Lockdown through autistic eyes
By Samuel
When I heard that lockdown was first occurring in early 2020, in late March, I was partially mortified. I knew that I was going to end up being denied my freedom and suffer additional stress from the annoying activity from some of the residents I was living with.
One resident would every day play his music loud and start singing out of tune. The constant and endless noise was unbearable and ridiculous enough for me to frustrate over.
Lockdown is, in a sense, the equivalent of prison, only you’re not sharing your cell with violent criminals that commonly threaten your body and existence with their harmful and violent capacities. I’d say it’s like serving a sentence in a prison for falsely accused cellmates who are not truly dangerous enough to belong there.
It can be frustrating for me, sometimes, especially without coping techniques that I hadn’t yet developed at the beginning of this lockdown era. It can be even more frustrating and unbearable for people with less capacity and understanding than I have.
Some people have kicked off because of this, I’d imagine.
On the other hand, the staff, the support workers and everyone else who supports people like us have made it well-understood that if they let us out, worse things would happen to us. Fatal severity, I mean. And by that, I’m referring directly to death. It was either death or a difficult journey back to normal.
Sometimes you do get very difficult and frustrating choices to make and often the best one still causes problems, whereas the other one leads to a worse path, one which even has the possibility of traumatising you.
I often look at myself with thoughts about making hard and emotionally painful choices. I tell myself, “You need to decide which choice feels like the worst one out of the two, and choose the other one, regardless of the consequences. Choose the lesser of the two severe examples.”
In a case like this one, you need to suffer lesser negatives to stay alive. Do what you need to do to survive.
The coronavirus disaster has clearly killed more than a million people, and England was probably said to have suffered the worst level of it.
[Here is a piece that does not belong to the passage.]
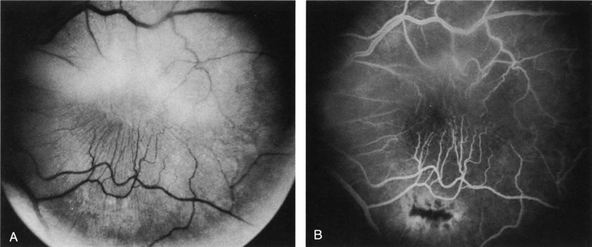 occurs within 3 to 6 months.273,274 FA does not reveal vascular leakage or abnormal retinal vasculature, but

That’s what I perceived from what people were saying at the time.
During the opening stages of November in 2020, I was made aware that the disease was approaching Kent and that we’d be forced to reinstitute the inevitable possibility of lockdown. Another lockdown was ordered by Boris Johnson.
When the announcement was made on TV, I confess I wasn’t that upset, as long as we had a deadline for its final stages. And once those final stages were reached and breached, the lockdown would be removed. The date for that was said to be 2 December.
There’s always light at the end of the tunnel, as some people occasionally say. Light often represents hope, whereas darkness represents the opposite: despair and hopelessness.